Task to carry out: Please copy, exactly as they appear below, the lines from the one containing "GEMS Preschool Program" through the one containing "The Discovery Center".

/---

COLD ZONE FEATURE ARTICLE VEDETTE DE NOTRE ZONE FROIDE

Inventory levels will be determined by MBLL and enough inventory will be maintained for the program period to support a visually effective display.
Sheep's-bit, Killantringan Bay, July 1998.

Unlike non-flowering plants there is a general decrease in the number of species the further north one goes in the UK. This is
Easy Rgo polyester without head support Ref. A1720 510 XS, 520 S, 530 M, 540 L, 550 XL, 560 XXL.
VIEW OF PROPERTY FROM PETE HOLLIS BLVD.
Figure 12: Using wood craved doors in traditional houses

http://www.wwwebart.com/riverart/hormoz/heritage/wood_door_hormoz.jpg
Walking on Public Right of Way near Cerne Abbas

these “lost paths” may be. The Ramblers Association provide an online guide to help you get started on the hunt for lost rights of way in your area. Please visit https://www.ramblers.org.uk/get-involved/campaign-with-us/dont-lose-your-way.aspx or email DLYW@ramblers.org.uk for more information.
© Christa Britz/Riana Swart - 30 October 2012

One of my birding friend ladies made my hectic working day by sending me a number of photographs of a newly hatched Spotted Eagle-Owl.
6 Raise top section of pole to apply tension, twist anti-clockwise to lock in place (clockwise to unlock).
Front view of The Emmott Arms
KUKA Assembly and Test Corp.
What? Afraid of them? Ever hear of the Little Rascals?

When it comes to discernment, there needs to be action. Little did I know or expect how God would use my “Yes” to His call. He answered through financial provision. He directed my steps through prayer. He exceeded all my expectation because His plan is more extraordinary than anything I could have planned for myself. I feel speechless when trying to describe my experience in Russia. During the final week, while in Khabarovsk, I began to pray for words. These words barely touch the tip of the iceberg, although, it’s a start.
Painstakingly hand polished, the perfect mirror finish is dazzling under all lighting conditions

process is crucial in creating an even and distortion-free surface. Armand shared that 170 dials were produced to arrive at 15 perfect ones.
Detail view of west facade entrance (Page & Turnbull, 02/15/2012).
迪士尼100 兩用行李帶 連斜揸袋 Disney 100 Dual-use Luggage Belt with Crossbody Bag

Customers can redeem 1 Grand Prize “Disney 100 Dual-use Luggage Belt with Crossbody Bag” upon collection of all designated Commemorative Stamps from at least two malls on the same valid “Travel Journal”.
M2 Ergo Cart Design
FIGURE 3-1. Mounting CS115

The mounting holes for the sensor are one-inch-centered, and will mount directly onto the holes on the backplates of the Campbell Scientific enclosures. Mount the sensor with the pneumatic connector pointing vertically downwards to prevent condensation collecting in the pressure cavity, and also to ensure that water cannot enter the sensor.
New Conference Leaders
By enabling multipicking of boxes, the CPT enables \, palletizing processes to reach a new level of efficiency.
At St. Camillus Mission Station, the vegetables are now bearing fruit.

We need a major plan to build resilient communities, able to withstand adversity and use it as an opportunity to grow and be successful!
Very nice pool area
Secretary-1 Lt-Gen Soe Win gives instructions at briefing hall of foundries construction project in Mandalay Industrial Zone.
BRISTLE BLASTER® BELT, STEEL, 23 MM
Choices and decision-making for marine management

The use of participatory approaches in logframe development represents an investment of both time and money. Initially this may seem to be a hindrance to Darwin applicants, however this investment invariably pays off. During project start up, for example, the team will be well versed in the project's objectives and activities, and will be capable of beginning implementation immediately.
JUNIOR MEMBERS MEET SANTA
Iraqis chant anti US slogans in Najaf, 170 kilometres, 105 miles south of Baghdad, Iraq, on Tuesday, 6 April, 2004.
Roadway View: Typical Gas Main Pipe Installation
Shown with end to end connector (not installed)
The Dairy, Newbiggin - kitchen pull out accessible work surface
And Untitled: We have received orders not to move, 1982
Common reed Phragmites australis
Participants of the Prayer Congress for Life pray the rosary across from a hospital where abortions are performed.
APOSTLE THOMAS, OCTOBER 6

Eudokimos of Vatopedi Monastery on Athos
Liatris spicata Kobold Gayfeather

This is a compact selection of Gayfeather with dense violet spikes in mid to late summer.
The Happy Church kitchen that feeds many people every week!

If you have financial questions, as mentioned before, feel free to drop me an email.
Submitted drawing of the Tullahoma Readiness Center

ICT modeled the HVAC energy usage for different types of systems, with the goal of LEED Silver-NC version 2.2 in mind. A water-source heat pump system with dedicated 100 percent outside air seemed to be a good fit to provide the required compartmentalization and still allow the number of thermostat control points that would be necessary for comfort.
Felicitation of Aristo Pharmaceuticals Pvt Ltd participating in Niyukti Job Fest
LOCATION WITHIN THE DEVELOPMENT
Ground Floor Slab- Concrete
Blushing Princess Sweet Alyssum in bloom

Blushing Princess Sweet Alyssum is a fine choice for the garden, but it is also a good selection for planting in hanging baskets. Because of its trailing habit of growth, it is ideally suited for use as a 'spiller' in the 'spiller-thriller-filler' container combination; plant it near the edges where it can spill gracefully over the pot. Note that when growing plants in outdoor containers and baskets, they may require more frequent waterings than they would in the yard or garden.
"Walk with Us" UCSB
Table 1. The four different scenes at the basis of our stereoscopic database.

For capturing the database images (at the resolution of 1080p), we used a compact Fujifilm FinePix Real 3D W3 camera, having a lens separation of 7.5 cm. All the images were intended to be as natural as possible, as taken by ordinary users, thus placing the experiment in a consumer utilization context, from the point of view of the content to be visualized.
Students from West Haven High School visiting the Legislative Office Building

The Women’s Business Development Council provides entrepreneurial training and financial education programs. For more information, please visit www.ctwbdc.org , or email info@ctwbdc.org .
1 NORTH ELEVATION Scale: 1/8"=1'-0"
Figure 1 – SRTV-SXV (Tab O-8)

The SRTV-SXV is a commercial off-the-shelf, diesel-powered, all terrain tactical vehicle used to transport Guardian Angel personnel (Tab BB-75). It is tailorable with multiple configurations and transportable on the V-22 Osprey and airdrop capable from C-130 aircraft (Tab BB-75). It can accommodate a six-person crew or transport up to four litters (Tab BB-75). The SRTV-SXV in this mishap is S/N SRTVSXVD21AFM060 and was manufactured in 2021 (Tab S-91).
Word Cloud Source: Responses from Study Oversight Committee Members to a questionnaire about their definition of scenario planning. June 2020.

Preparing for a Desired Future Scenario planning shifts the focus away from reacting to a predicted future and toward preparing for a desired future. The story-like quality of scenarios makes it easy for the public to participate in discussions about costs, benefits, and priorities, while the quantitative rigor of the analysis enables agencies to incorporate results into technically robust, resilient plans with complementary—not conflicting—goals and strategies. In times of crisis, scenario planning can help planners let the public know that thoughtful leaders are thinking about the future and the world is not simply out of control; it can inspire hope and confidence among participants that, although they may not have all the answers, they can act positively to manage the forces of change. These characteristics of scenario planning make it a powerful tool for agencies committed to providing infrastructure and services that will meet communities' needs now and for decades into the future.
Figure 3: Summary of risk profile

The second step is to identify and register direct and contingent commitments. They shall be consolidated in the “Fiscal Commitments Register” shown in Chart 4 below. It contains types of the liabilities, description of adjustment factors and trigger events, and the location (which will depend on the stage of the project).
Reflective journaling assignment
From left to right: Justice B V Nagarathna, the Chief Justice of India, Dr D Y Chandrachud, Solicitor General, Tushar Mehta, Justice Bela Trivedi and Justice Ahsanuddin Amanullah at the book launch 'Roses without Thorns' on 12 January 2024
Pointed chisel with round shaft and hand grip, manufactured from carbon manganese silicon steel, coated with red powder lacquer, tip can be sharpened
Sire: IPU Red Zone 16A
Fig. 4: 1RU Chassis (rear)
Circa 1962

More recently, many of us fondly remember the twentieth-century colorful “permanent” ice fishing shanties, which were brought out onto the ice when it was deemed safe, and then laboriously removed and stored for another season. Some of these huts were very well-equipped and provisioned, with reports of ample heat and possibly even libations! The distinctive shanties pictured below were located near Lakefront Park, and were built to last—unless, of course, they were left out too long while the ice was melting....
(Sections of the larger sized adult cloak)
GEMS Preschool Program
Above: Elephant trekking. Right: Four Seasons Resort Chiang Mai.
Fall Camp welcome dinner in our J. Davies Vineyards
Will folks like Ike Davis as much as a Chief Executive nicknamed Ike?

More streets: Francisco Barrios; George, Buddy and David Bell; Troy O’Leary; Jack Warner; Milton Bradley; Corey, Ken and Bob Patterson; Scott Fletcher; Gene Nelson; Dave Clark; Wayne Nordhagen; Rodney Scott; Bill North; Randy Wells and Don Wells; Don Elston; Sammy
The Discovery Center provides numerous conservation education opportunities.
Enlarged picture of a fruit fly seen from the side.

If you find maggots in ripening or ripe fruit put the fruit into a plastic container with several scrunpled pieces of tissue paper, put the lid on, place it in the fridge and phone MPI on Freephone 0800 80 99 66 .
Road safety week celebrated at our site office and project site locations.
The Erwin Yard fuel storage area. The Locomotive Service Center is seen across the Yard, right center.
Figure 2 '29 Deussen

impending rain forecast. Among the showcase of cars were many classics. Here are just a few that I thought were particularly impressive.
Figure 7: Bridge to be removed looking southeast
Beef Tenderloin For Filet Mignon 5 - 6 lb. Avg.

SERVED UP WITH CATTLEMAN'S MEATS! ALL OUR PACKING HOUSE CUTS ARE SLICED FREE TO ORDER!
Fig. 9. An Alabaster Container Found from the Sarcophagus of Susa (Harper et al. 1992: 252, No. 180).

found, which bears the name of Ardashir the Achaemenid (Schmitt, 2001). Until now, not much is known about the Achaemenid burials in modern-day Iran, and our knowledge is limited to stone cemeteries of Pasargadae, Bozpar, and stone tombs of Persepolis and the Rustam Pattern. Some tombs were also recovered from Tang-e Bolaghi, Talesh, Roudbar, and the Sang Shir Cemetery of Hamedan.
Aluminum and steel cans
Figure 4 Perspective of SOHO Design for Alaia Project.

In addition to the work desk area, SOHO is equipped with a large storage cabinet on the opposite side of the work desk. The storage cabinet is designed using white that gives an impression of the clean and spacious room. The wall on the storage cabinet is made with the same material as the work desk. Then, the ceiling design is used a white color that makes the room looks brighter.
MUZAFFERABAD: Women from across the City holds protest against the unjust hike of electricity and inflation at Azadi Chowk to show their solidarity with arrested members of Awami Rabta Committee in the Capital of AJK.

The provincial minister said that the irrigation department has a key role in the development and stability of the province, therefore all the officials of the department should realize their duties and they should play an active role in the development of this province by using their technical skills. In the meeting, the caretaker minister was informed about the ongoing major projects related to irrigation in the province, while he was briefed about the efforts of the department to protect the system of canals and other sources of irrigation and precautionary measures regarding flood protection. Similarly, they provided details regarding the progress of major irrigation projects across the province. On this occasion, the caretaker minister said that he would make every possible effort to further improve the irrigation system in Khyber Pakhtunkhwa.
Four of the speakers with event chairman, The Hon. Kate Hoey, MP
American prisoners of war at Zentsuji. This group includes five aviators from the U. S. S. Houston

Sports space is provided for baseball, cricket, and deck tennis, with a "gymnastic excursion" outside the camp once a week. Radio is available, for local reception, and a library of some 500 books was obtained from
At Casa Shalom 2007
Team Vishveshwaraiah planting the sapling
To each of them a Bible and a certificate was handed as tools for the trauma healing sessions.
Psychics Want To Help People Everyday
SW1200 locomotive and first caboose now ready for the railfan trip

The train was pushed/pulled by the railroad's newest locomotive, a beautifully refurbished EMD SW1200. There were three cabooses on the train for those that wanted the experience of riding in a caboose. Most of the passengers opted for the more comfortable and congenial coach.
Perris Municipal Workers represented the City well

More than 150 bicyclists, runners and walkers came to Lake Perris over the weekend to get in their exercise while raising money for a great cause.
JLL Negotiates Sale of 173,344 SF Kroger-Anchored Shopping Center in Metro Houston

\---

Expected answer:
GEMS Preschool Program
Above: Elephant trekking. Right: Four Seasons Resort Chiang Mai.
Fall Camp welcome dinner in our J. Davies Vineyards
Will folks like Ike Davis as much as a Chief Executive nicknamed Ike?

More streets: Francisco Barrios; George, Buddy and David Bell; Troy O’Leary; Jack Warner; Milton Bradley; Corey, Ken and Bob Patterson; Scott Fletcher; Gene Nelson; Dave Clark; Wayne Nordhagen; Rodney Scott; Bill North; Randy Wells and Don Wells; Don Elston; Sammy
The Discovery Center provides numerous conservation education opportunities.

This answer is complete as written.